More preferably, it has a tackiness index of 110% or less with respect to biscasil 5M (dimethicone). Particularly preferred is biscasil 5M (dimethicone).
It has a tackiness index of 100% or less, especially 1% to 100%.

Tackiness Technical Test Method The tackiness test method described here was developed using the basic theory of tackiness.
The basic theory of sticking is summarized in the Stefan equation which describes the viscous resistance of separation for two disks joined by a thin "pressed film" of liquid. This equation is also used in other technical fields where adhesion evaluation is important, for example in the field of printing inks. Literature on basic adhesion theory can be found in Phillips, JC and Chaing, AC, “Low Speed Tack Measurements of
Fluids and Inks ”, J. Applied Polymer
Science, 1995, 58 , 881-895. In a simplified form of the Stefan equation, the maximum force F applied at time t to pull apart a disk of radius r bound by a liquid film of thickness h and viscosity η is given by:

F = 3. π. η. r ⁴ (1) 8. t. h ^{2 From} this equation, when the surface is pulled apart at velocity v, the separation force is: F = k. η. where k is constant if fixed in a series of comparative experiments.
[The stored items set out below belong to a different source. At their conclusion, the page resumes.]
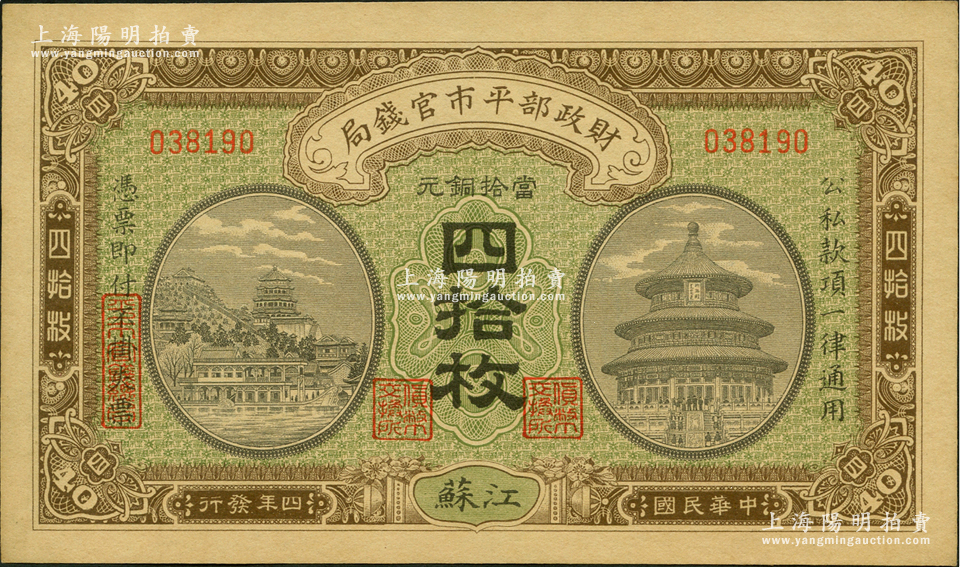民国四年(1915年)财政部平市官钱局当拾铜元四拾枚,江苏地名;前辈藏家出品,九五成新
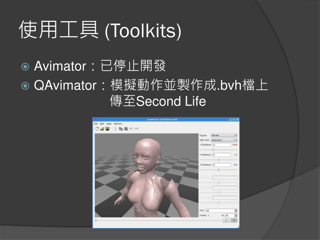 使用工具 (Toolkits) • Avimator:已停止開發 • QAvimator:模擬動作並製作成.bvh檔上傳至Second Life
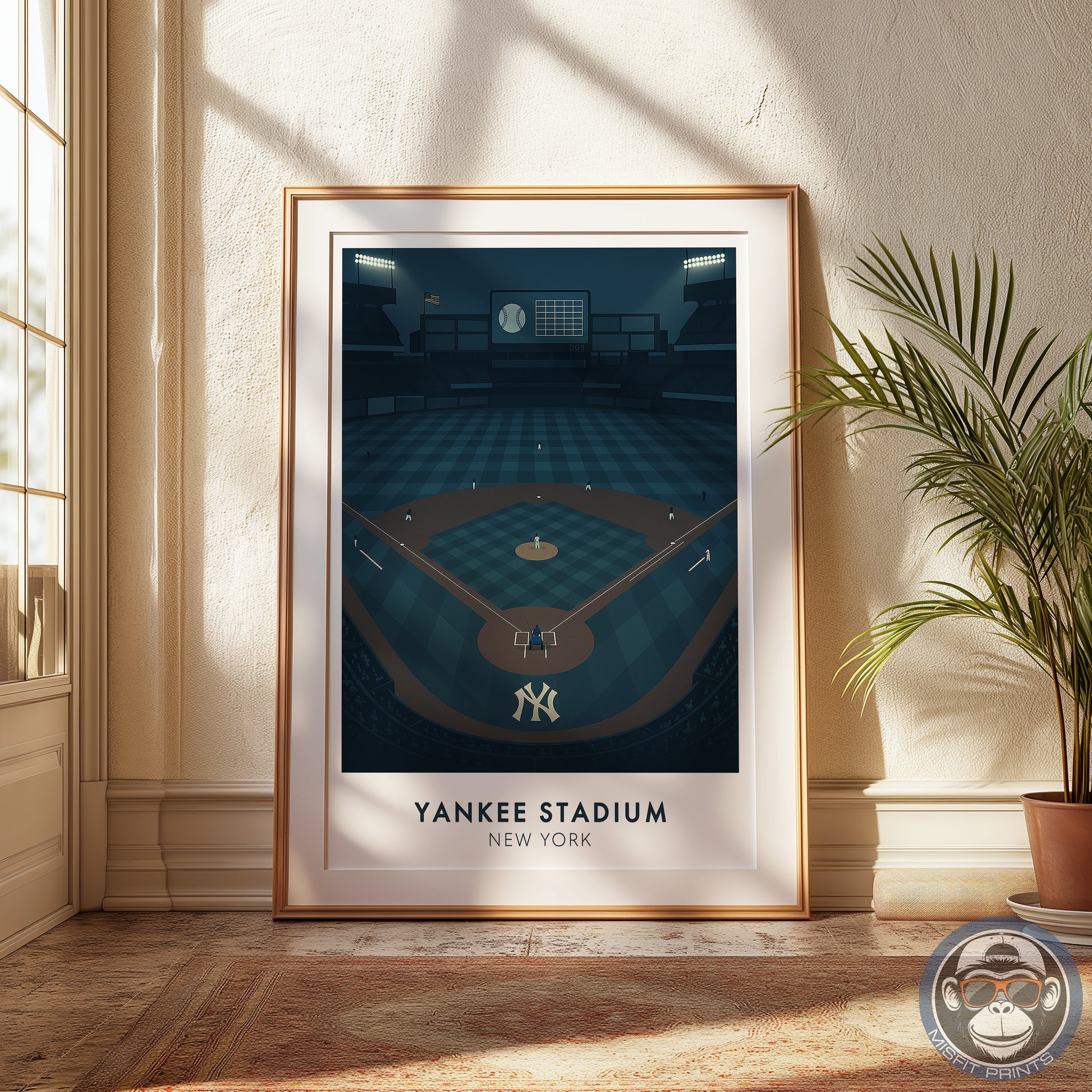 New York Night Baseball Poster, Minimalist Stadium Art Print
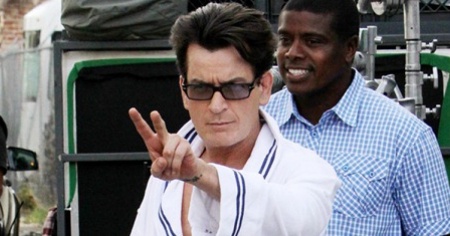 Charlie Sheen sul set con la ex moglie
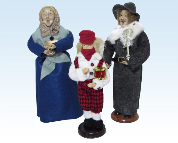 Christmas Caroler Doll Family 3 Figurine Set Man Violin Boy Etsy
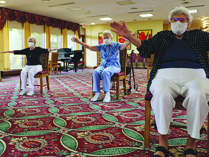 In addition to gardening, she takes part in the weekly chair yoga sessions and in morning prayer gatherings with other sisters in the solarium of the high-rise.
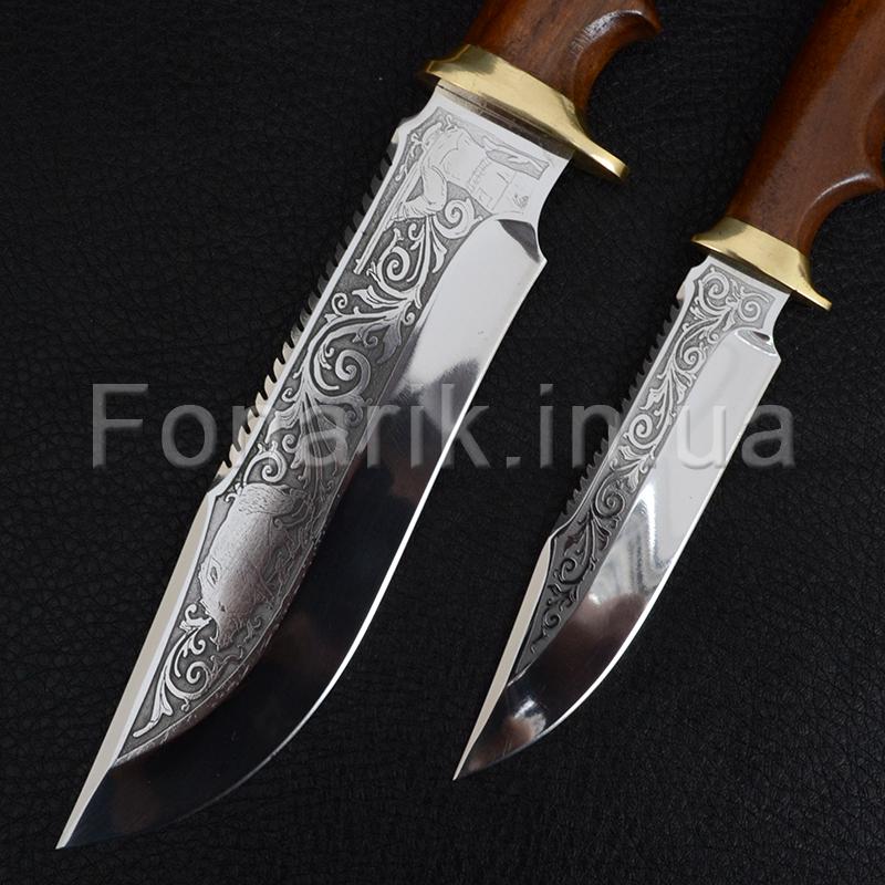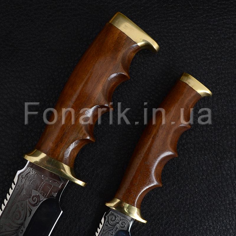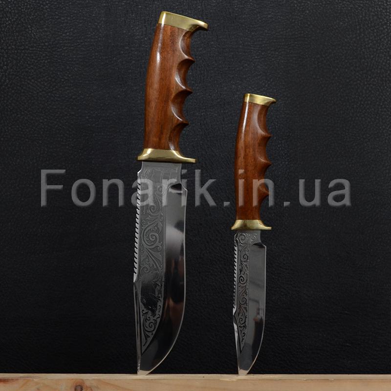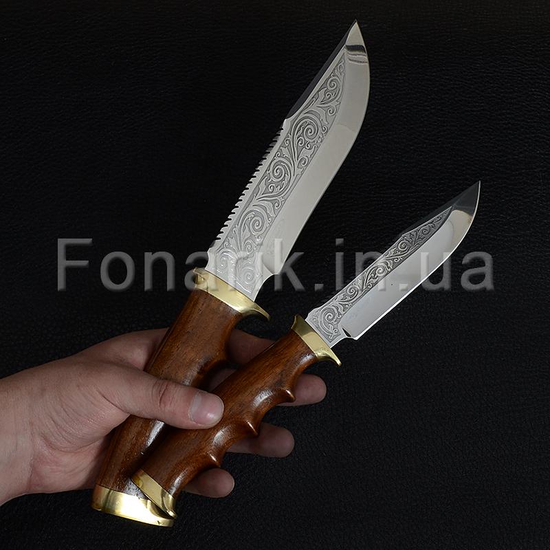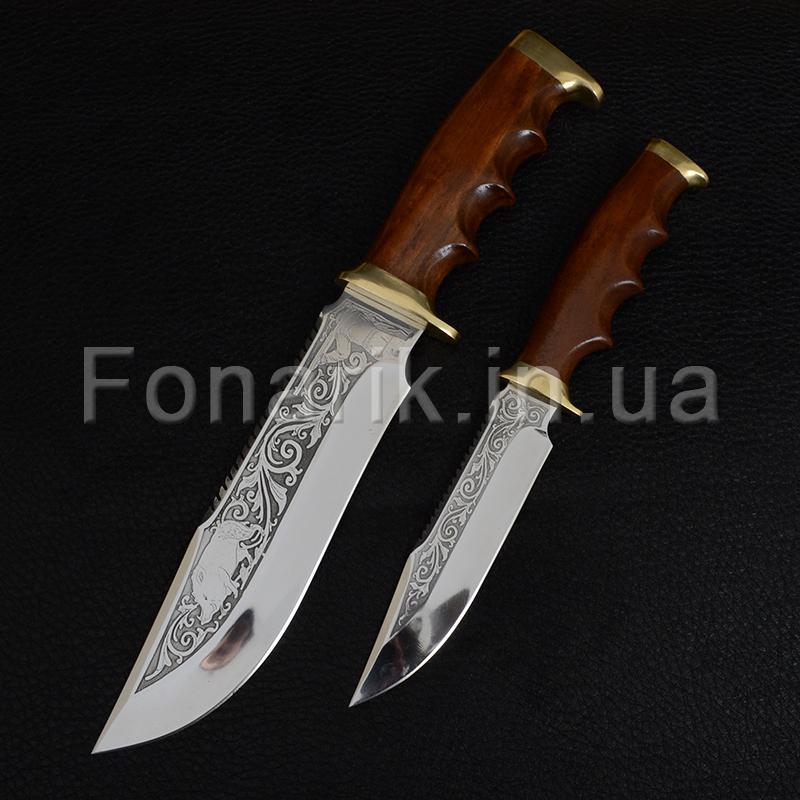 Набор ножей Спутник "Туризм-2" - поставляются сразу два ножа с разными габаритными размерами. На клинках имеется гравировка. Ножи функциональны, надежны, долговечны, изготовлены из нержавеющей стали AISI 420, которая проходит специальный цикл термообработки, и достигает твердости 55HRC. Рукоять сделана из ореха. В комплекте с ножом идут кожаные ножны и паспорт. Набор Спутник "Туризм-2" станут незаменимыми помощниками на пикнике, охоте или рыбалке.
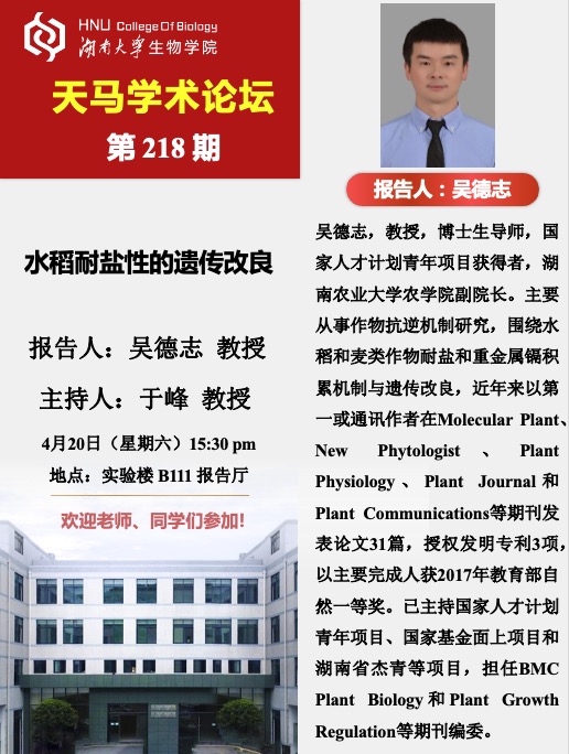 天马学术论坛 第218期 湖南农业大学农学院教授
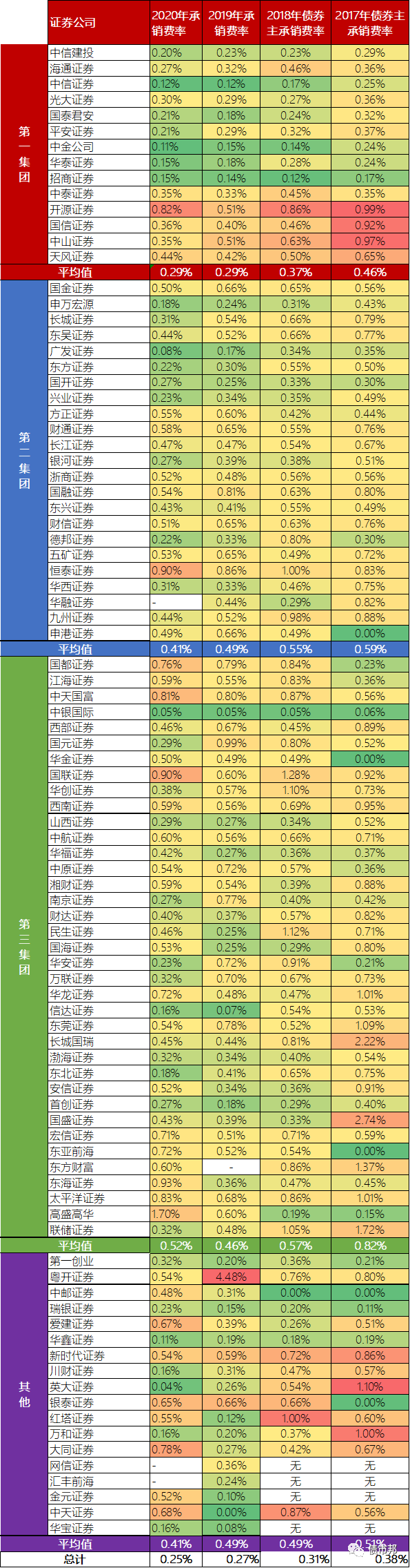 具體承銷費率數(shù)據(jù)如下表所示,因為承銷結(jié)構(gòu)的差異,不同機構(gòu)之間沒有橫向可比性,只是提供一個感性的認識。
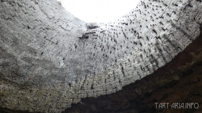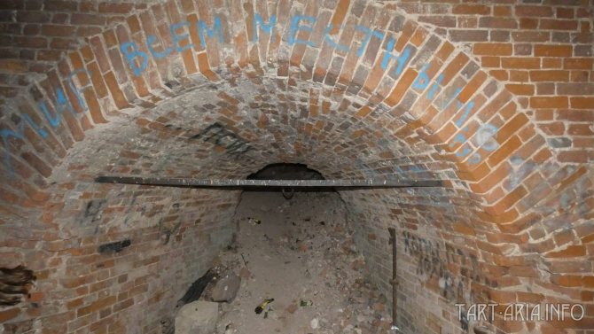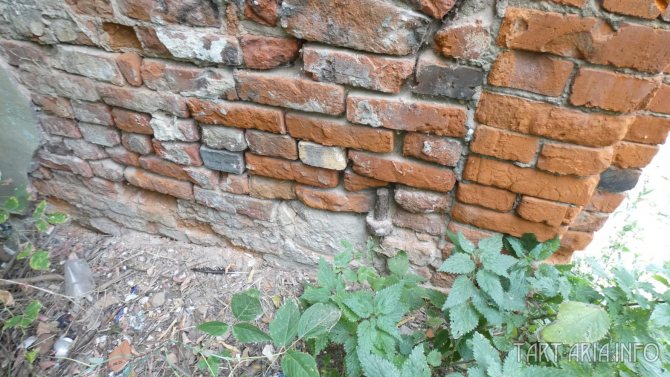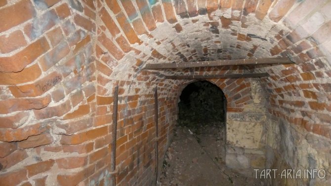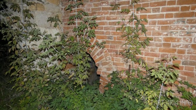 A espessura das paredes é de 106 cm, portanto, estabelecendo uma passagem em arco entre salas adjacentes dentro de um único edifício, duas buchas de tijolo foram simplesmente construídas aqui, em ambos os lados, rentes à parede principal, e entre essas buchas há muitas espaço onde os detritos se acumulam gradualmente.

This is the basis for determining the relative tackiness of oils. The equipment used was an Instron 4301 tensile tester with a 10N load cell and a 10 mm diameter smooth steel disc mounted on a movable crosshead. The fixed lower panel is also made of smooth steel and attached to the equipment base with a compliant rubber spring (56 N / mm) and a level. The same disk and spring assembly is used for comparative measurements. The disks are set close to each other and set in parallel using a level. The contact force is calculated by the following equation so as to give a consistent film thickness for each oil.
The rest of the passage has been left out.